Besides having CGG repeats, the FMR1 gene sequence typically also has AGG triplets that tend to appear in between every nine or 10 CGG repeats.

“It has been demonstrated that, in addition to the CGG repeat number, increased [FMR1 genetic] instability correlates with AGG loss,” the researchers stated. However, they said, “the prevalence and the role of AGG interruptions within the FMR1 gene in the [general] population is unknown.”

In this study, investigators from Israel’s Ben-Gurion University in collaboration with researchers from the University of California, Davis set out to explore the impact of the AGG triplets on the stability of the FMR1 gene in individuals from the general population with different levels of consanguinity.

The study involved 6,865 Bedouin women whose levels of consanguinity are estimated to range from 45.2% to 70.1% because of the high frequency of marriages between genetically related individuals within the community, and 6,204 Jewish women whose levels of consanguinity are estimated to be lower than 5%.

Investigators isolated DNA from blood samples collected from all the study participants. Genetic analyses were then used to assess the number of CGG repeats, as well as the presence of AGG triplets in the FMR1 gene sequence of all the women.

As expected, the homozygosity rate, more commonly known as inbreeding (breeding of genetically related individuals that leads to a decrease of genetic variability in the offspring), was higher among Bedouin women than among Jewish women.
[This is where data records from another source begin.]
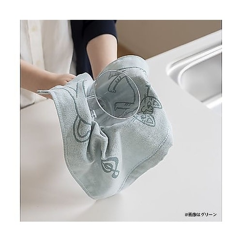 ねこ画家、おかべてつろう先生監修のふきんです。食卓やキッチンの台拭きとしてはもちろん、食器拭きにも使える万能ふきんです。Ag+(銀イオン)を繊維に練り込み済みで、洗っても抗菌効果が持続します。 |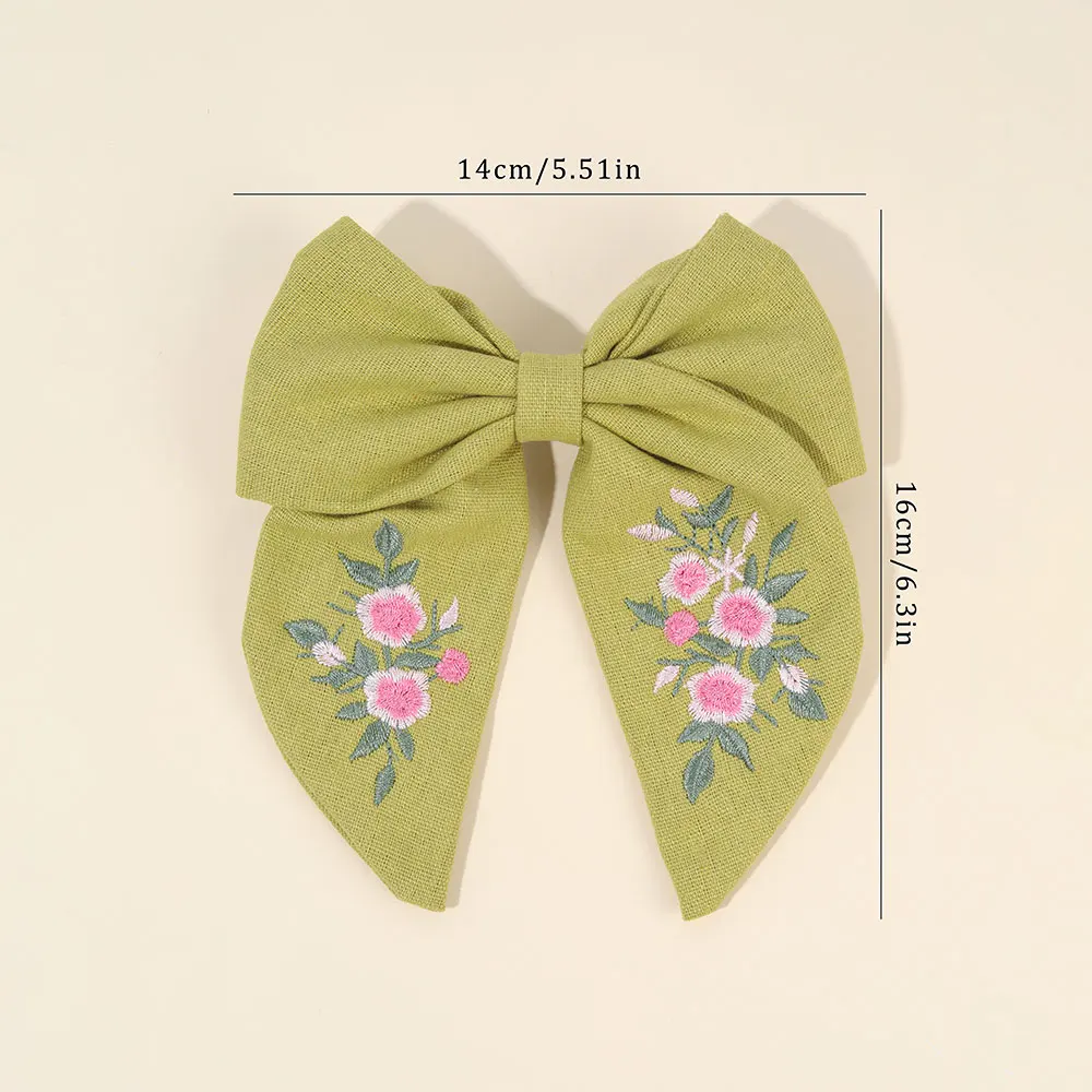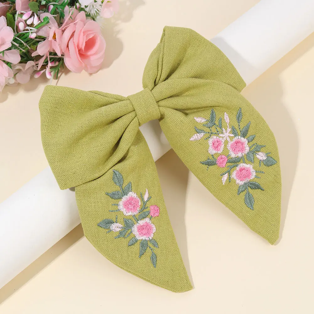 Sweet Embroidered Flower Hair Bows Clips Handmade Ribbon Solid Hairpins Cute Bowknot Barrettes Headwear Kids Hair Accessories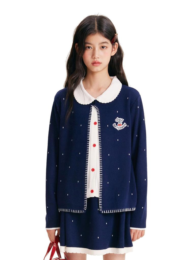 Barry Banny Strick Lang Rund Marineblau Gepunktet Bestickt Faux Niedlich und Stilvoll Größe 160 Kinder Strickjacke, Mantel, Mädchenpullover, Ärmel, Kragen, Punkte, Schicht,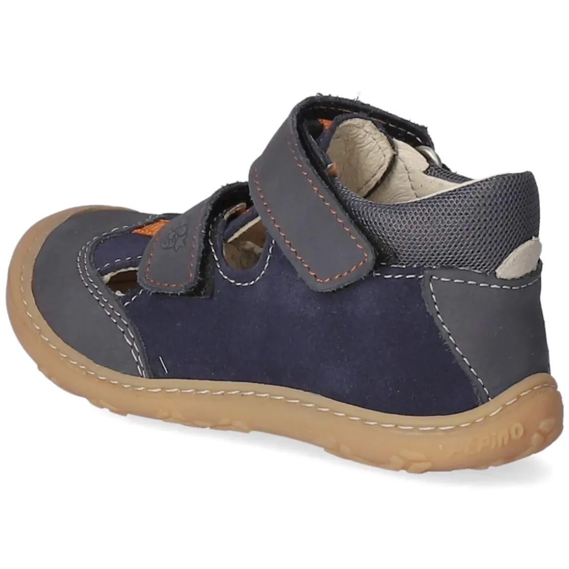 Der Kinder-Klettschuh EBI von Pepino überzeugt in sattem Blau und vereint kindgerekten Komfort mit robusten Materialien. Atmungsaktives Echtleder in Rauleder-Qualität und ein angenehmes Lederfutter sorgen für ein ausgeglichenes Fußklima, während die runde Schuhspitze und die Weite Mittel reichlich Bewegungsfreiheit lassen. Zwei praktische Klettverschlüsse erleichtern das An- und Ausziehen und fixieren den Fuß sicher. Der verstärkte Zehen- und Fersenbereich schützt bei jedem Schritt, ein gepolsterter Einstieg und das weich gepolsterte, herausnehmbare Fußbett erhöhen den Tragekomfort. Die flexible, rutschhemmende Laufsohle unterstützt natürliches Abrollen und gibt Halt auf glatten Böden. Der Größenhinweis fällt normal aus und bietet verlässliche Orientierung. Orangefarbene Akzente setzen einen frischen Kontrast zum Blau. Modetipp: Mit Denim und farblich abgestimmten Socken in Orange entsteht ein lässiger Look für Kita und Freizeit.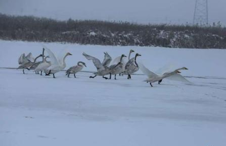 冬日新疆石河子北湖湿地天鹅雾天嬉戏飞翔添别样韵味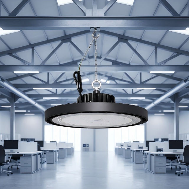 A high-intensity indoor lighting solution designed for large, high-ceiling spaces like warehouses, factories, and gymnasiums.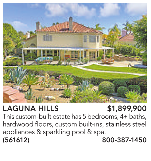 LAGUNA HILLS $1,899,900 This custom-built estate has5bedrooms, 4+ baths, hardwood floors, custom built-ins,stainless steel appliances&sparkling pool &spa. (561612) 800-387-1450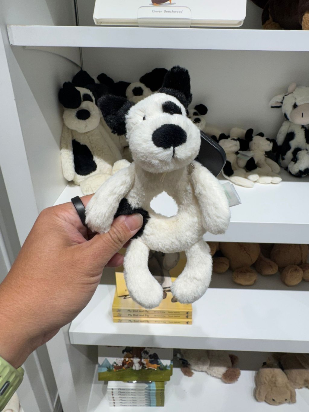主頁 Jellycat Bashful Black & Cream Puppy Ring Rattle 黑白小狗手搖鈴

Results showed that Jewish women tended to have a higher number of CGG repeats compared to Bedouin women:

  • The prevalence of pre-mutation carriers among Bedouin women was 1:158; among Jewish women, 1:128;
  • None of the Bedouin women carried the full FMR1 mutation; however, the prevalence of full mutation carriers among Jewish women was 1:1,149.
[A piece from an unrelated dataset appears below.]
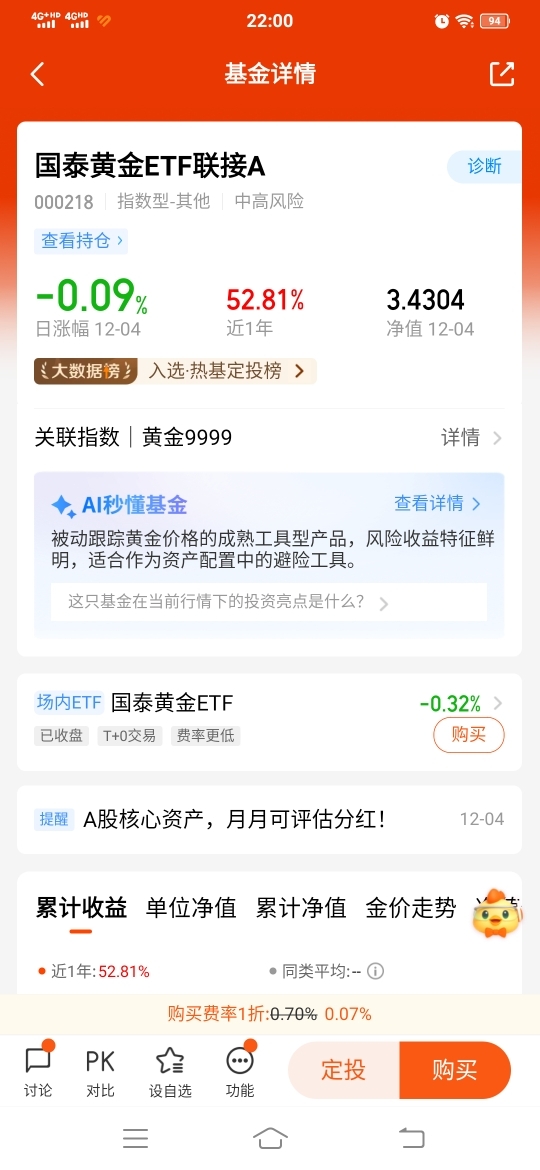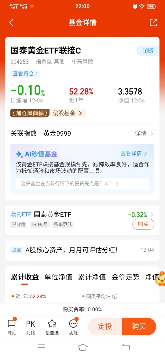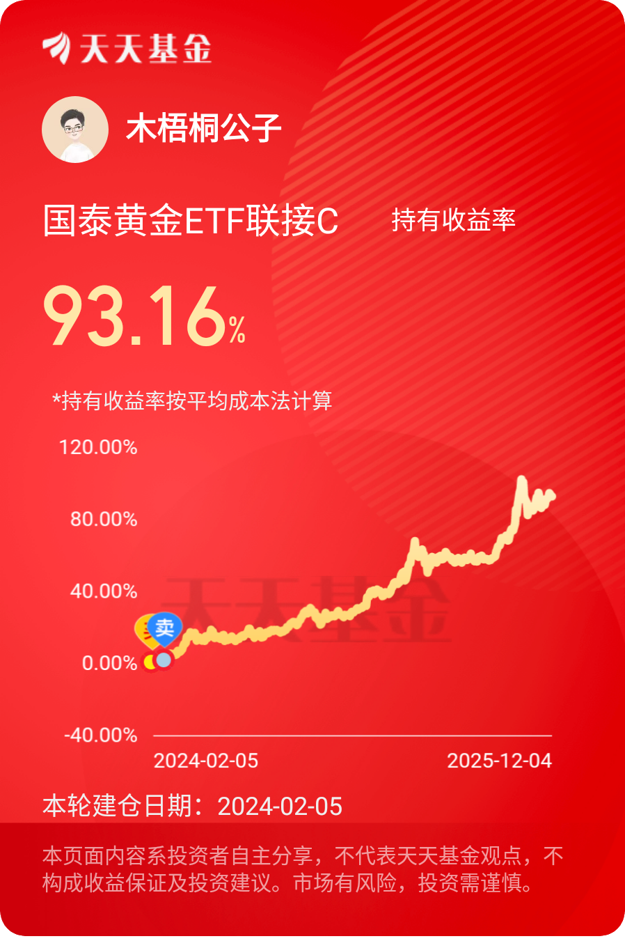 所以,木同学认为$国泰黄金ETF联接C$ 在当前震荡上行的黄金市场中具备稳健的长期投资价值,尤其是C类份额的"零申购费+高流动性"特性,使其成为当前配置黄金资产的优选。 @国泰基金

Genetic analyses also showed that Jewish women tended to have a higher number of AGG triplets than Bedouin women. Nevertheless, the loss of AGG triplets in between CGG repeats was relatively high among women from both groups, affecting 37.2% of Bedouin women and 32.2% of Jewish women.

In addition, investigators found that the loss of AGG triplets was directly correlated with the number of CGG repeats in women from both ethnic groups.

“[Our] results demonstrate that consanguinity affects the homozygosity as well as the prevalence of AGG loss. However, it did not affect the prevalence of the pre-mutation and full mutation of the FMR1 gene in the [high consanguinity] group.

“[Further] studies are warranted to clarify these results as well as the mechanism of FMR1 instability, which is, to date, still not fully understood.”